* **Assigned task**
Your copy should hold only the lines from the one with "man standing at" to the one with "Автоматический пресс для", both included, each exactly as it stands below, with no pictures.

* **Material for this exercise**
>>>>
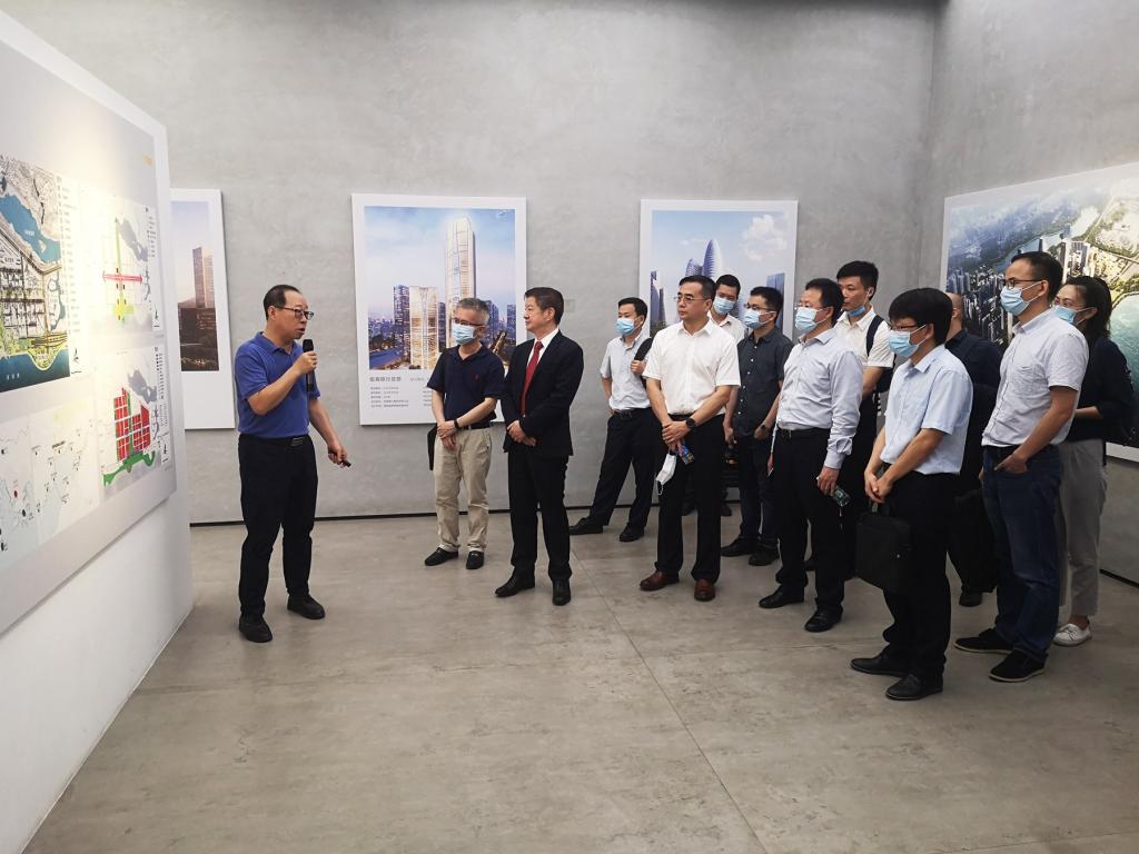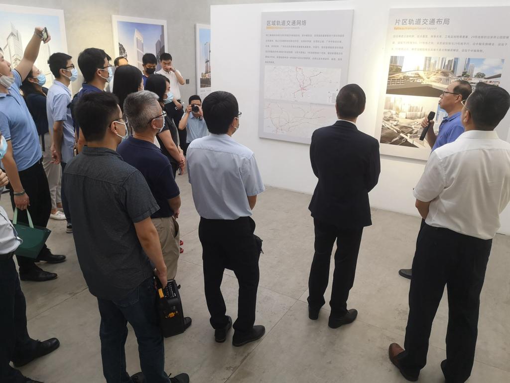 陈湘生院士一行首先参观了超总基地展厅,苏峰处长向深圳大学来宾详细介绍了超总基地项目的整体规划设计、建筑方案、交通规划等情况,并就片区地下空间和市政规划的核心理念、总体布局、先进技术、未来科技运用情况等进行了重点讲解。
<<<<
>>>>
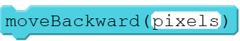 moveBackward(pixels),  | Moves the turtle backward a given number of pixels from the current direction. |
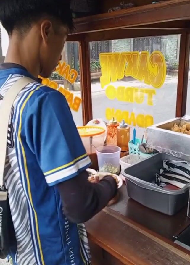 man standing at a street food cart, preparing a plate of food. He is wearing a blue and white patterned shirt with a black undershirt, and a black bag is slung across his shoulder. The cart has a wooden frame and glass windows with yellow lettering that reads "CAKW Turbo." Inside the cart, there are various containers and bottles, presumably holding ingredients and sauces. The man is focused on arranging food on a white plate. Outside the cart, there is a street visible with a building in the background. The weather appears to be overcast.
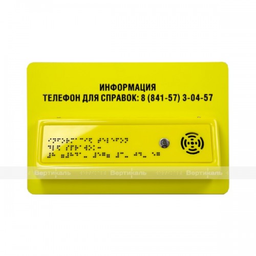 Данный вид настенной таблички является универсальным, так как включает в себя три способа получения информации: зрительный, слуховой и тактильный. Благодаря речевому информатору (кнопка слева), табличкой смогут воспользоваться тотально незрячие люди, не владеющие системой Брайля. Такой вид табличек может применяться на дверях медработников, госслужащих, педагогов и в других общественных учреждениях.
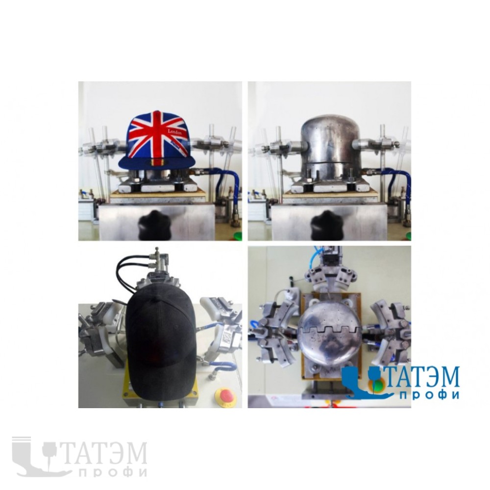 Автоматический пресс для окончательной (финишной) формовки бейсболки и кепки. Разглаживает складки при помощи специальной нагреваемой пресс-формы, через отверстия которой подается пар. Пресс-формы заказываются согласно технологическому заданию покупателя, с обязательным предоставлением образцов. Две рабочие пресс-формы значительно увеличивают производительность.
<<<<
>>>>
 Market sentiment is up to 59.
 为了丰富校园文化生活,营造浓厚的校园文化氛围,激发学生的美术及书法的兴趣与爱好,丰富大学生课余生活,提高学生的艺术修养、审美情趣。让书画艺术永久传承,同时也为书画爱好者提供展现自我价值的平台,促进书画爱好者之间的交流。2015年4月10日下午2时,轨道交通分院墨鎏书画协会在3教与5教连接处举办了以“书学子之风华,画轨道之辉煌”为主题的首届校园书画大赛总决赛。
<<<<
* **Worked solution**
 man standing at a street food cart, preparing a plate of food. He is wearing a blue and white patterned shirt with a black undershirt, and a black bag is slung across his shoulder. The cart has a wooden frame and glass windows with yellow lettering that reads "CAKW Turbo." Inside the cart, there are various containers and bottles, presumably holding ingredients and sauces. The man is focused on arranging food on a white plate. Outside the cart, there is a street visible with a building in the background. The weather appears to be overcast.
 Данный вид настенной таблички является универсальным, так как включает в себя три способа получения информации: зрительный, слуховой и тактильный. Благодаря речевому информатору (кнопка слева), табличкой смогут воспользоваться тотально незрячие люди, не владеющие системой Брайля. Такой вид табличек может применяться на дверях медработников, госслужащих, педагогов и в других общественных учреждениях.
 Автоматический пресс для окончательной (финишной) формовки бейсболки и кепки. Разглаживает складки при помощи специальной нагреваемой пресс-формы, через отверстия которой подается пар. Пресс-формы заказываются согласно технологическому заданию покупателя, с обязательным предоставлением образцов. Две рабочие пресс-формы значительно увеличивают производительность.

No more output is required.